Le soir, nous nous faisons déposer en stop dans un camping à l’intérieur du parc. Nous y louons une tente. Dans la soirée, deux animaux traversent le camping sans se préoccuper de nous: une biche et un énorme porc-épic. Après une nuit difficile, nous repartons le lendemain pour une nouvelle randonnée avec Ada, une espagnole qui voyage seule. Nous marchons toute la journée sans avoir de gros problèmes d’itinéraire, croisons quelques cascades dont celle que l’on voit dans le film « La Plage », et n’apercevons que très peu d’animaux sauvages: deux serpents quelques timides oiseaux. Il faut dire que nous sommes en saison froide (il fait quand même 25 à 30°C), et en ce moment, les animaux sortent moins qu’en saison chaude ou humide.

Bangkok

Nous prenons le train le lendemain matin pour Bangkok. Le prix est on ne peut plus compétitif (1,5 euros pour deux et pour 5 heures de train), mais nous sommes assis sur des sièges en bois. Bon après le voyage passe vite, et c’est plutôt marrant d’être en classe économique au milieu de tous les thaïs.

Arrivés à la gare de Bangkok, nous marchons une petite demie heure jusqu’à un hôtel pas cher indiqué dans le Lonely Planet. On s’installe, on ressort pour manger un morceau, et on ne fait pas grand chose de l’après-midi. Dans la soirée, nous bougeons vers Patpong, un quartier hyper touristique avec son marché de nuit, des sex clubs à volonté et des rangées de prostituées à l’entrée des « salons de massages ». Exceptionnellement, on se fait un Mc Do (le premier fast food depuis les USA), histoire de goûter un « bon » steak pas trop cramé. Dans la rue, il y a presque plus de touristes blancs et d’expats que de thaïlandais.
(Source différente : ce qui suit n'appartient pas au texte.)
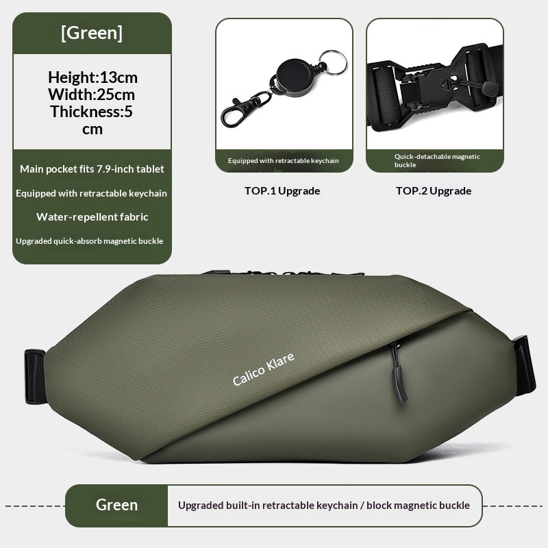 Style:Cross-border Trend,Item Number:2032,Material:PVC,Functionality:other,Brand:Calico Clear,Pattern:Solid Color,Trendy Elements:wrinkles,The texture of the lining:Polyester Cotton Blend,Color:Black, Olive Green,We have authorized private labels available:yes,Year and season of release:Autumn 2025,Applicable Scenarios:Casual Outfit,Applicable Gender:Male,Product Category:Men's Chest Bag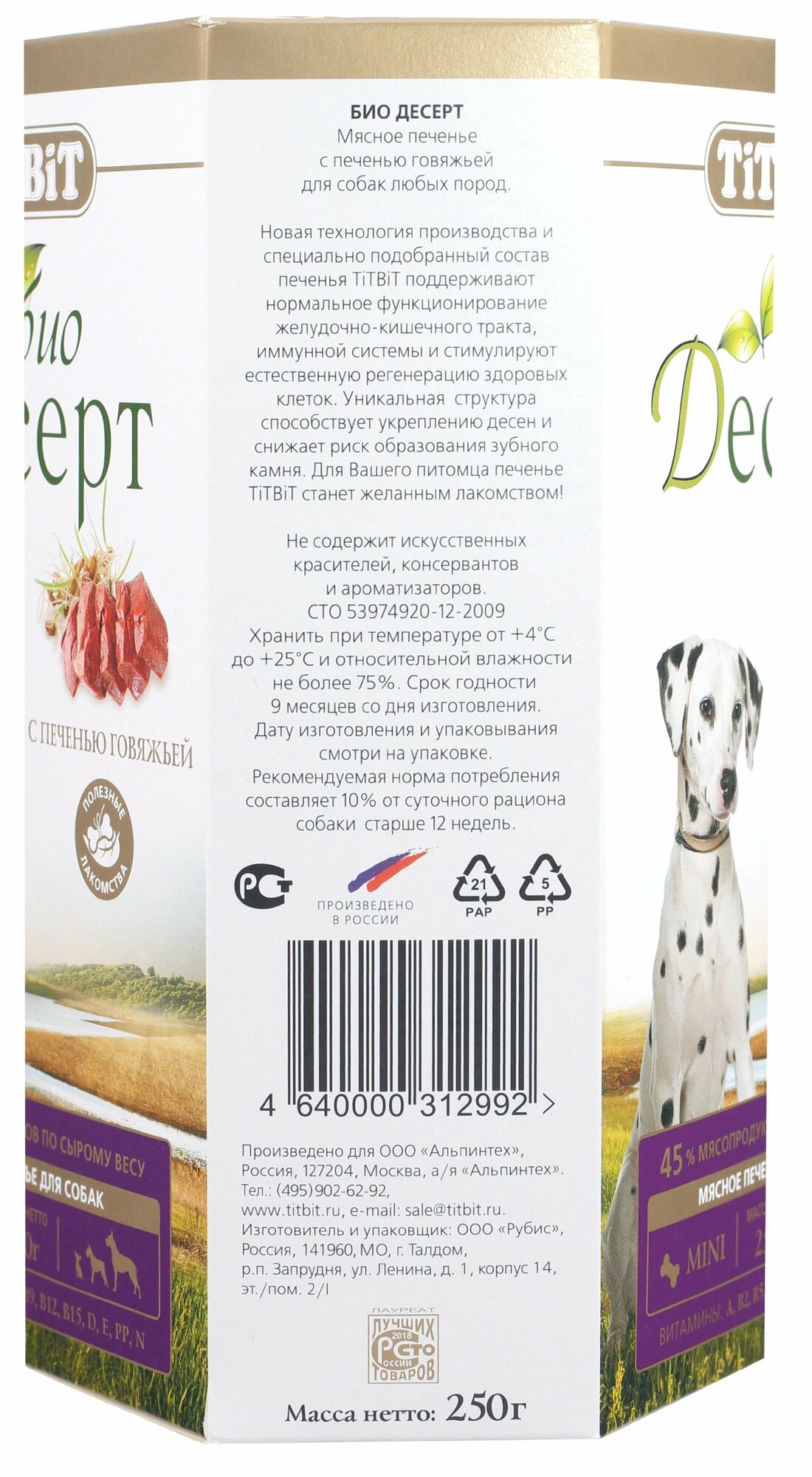 Титбит 2992 Лакомство д/собак Печенье с печенью говяжьей мини 250г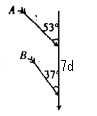 如图所示,墙壁上落有两只飞镖,它们是从同一位置水平射出的,飞镖A与竖直墙壁成53°角,飞镖B与竖直墙壁成37°角,两者相距为7d.假设飞镖的运动是平抛运动,求射出点离墙的水平距离.(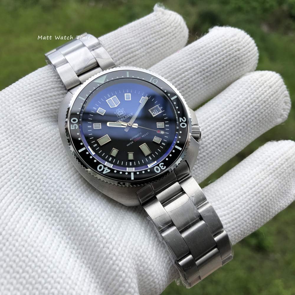 Up for is a brand new Steeldive SD1970 Diver. By Authorized Retailer. Inspired by 6115-8110 model famously worn by Martin Sheen's character, Captain Willard, in the Vietnam war movie Apocalypse Now NH35 Automatic Movement Hacking and Handwinding Sapphire Crystal with Blue Anti-Reflective Coating 120 Click Rotational Ceramic Bezel BGW9 / C3 Luminova Dial and Ceramic Bezel Insert Black Dial and Bezel Insert color 44mm Case Diameter 47mm Lug to Lug 13.5mm Case Thickness Screwdown Crown Screwback Case 316L Stainless Steel Case Stainless Steel Bracelet Hard Presentation Box and Please also see YouTube reviews to know this watch and Steeldive. All watches with full package available in Adelaide SA. Items are well protected with Australia Post Standard Box. Ships within 1-2 business days from Australia.Enjoy this watch for your collection. Regards, Matt BurnsideChrono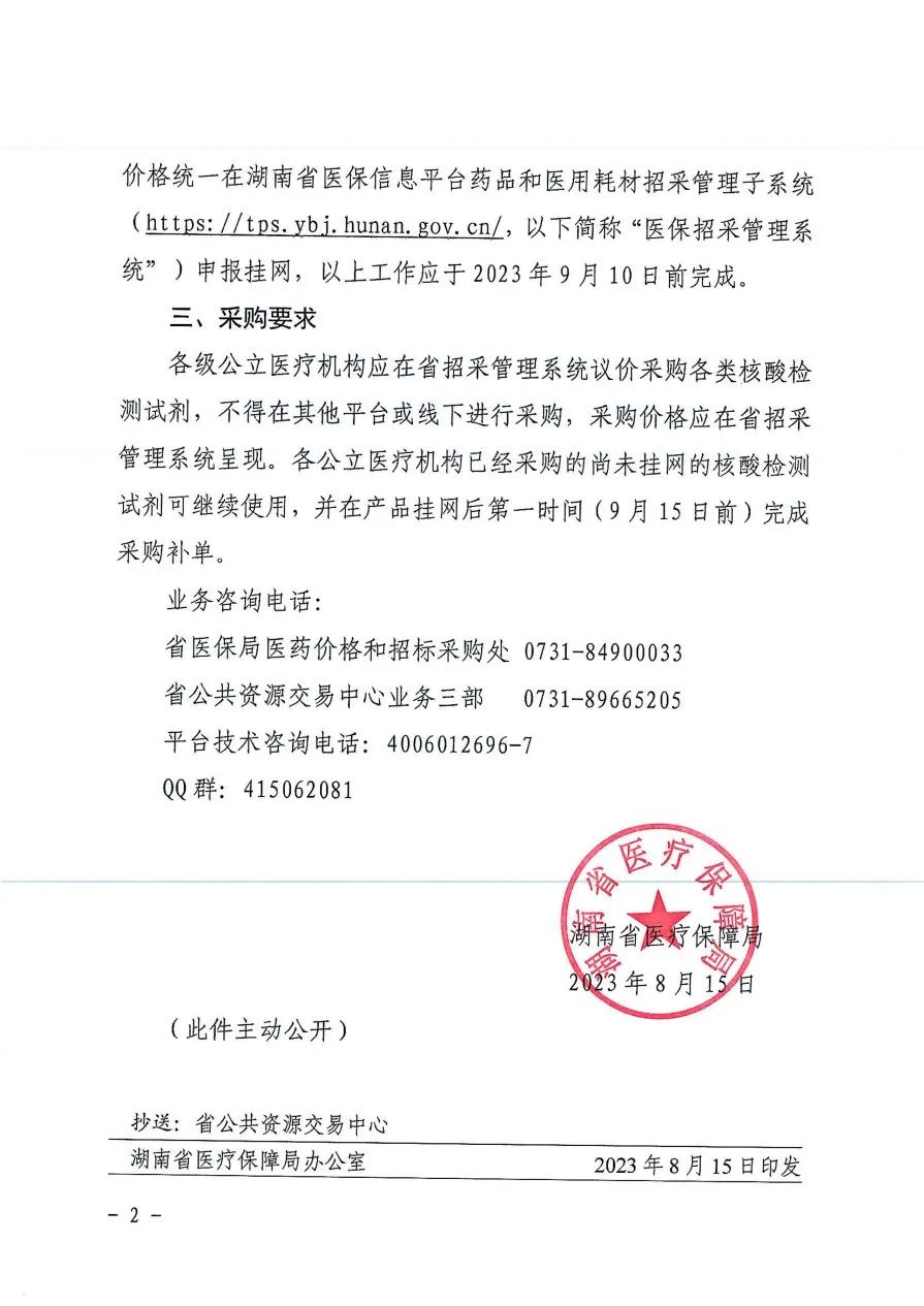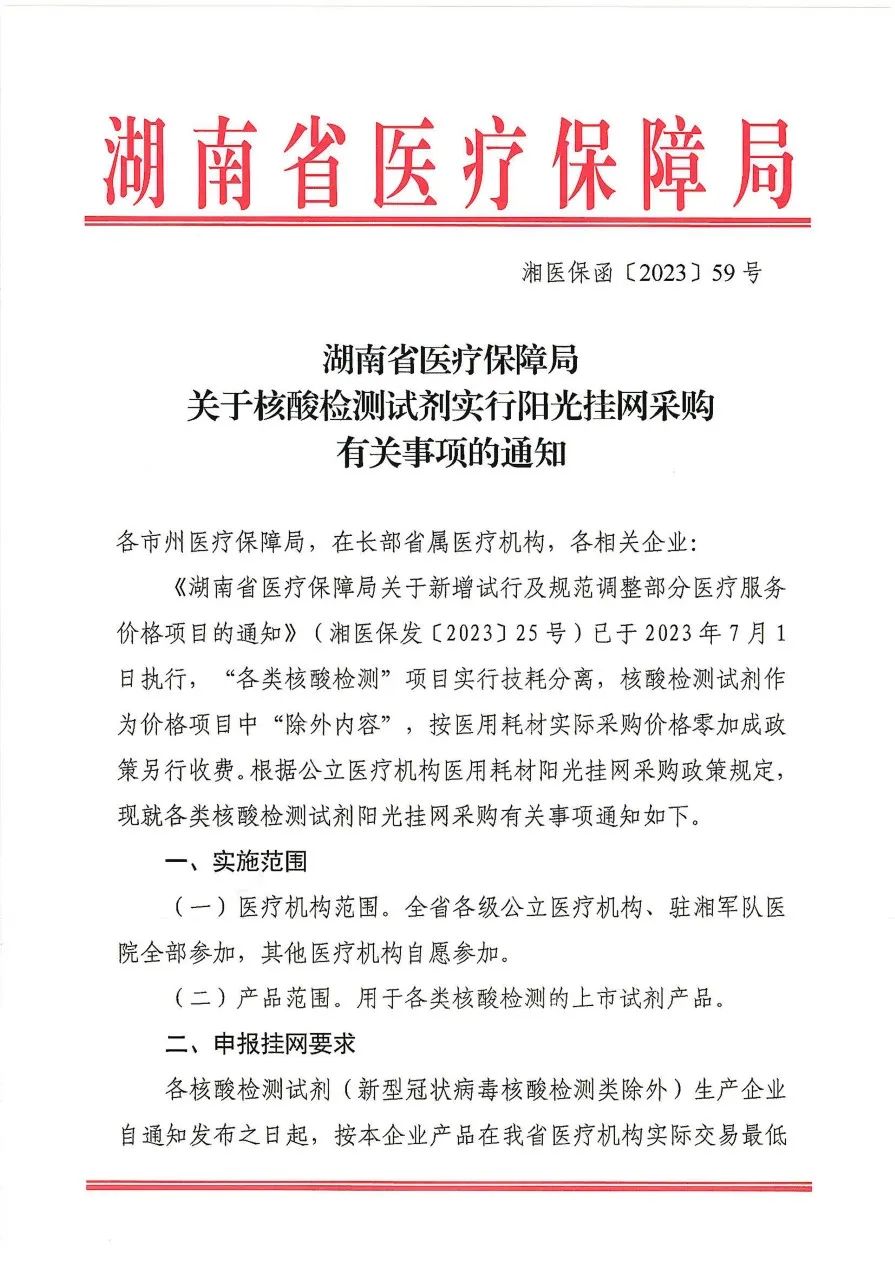 2023年8月16日,湖南省醫(yī)保局發(fā)布《關(guān)于核酸檢測試劑實行陽光掛網(wǎng)采購有關(guān)事項的通知》,要求相關(guān)生產(chǎn)企業(yè)將用于各類核酸檢測的上市試劑產(chǎn)品(新型冠狀病毒核酸檢測類除外)于2023年9月10日前,以湖南省醫(yī)療機(jī)構(gòu)實際交易最低價在湖南醫(yī)保招采管理系統(tǒng)申報掛網(wǎng)。

On se demande un peu ce qu’on fait là d’ailleurs.

Le dernier jour avant notre départ, nous ne faisons pas grand chose. On a un peu la flemme d’aller visiter les musées, palais et temples de Bangkok, donc on va se faire un ciné (le premier depuis le Pérou). Nous allons voir 2012 en VO sous titré thaïlandais. Les pubs sont extraordinaires de débilité et juste avant le film, nous devons tous nous lever une minute devant des images du roi et de sa famille pour montrer notre respect. En même temps, si j’ai bien compris, on a tout intérêt à le faire. Le film en lui même n’est pas exceptionnel, mais ça nous permet de prendre une claque audiovisuelle, et bon dieu que ça fait du bien.

Vers le Népal

Le dernier jour en Thaïlande est arrivé, et nous partons de très bonne heure à l’aéroport pour Hong Kong où nous restons toute la journée avant de prendre notre vol du soir vers le Népal, pays dont tout le monde depuis 10 mois nous a dit que c’était génial. Voilà qui va nous changer.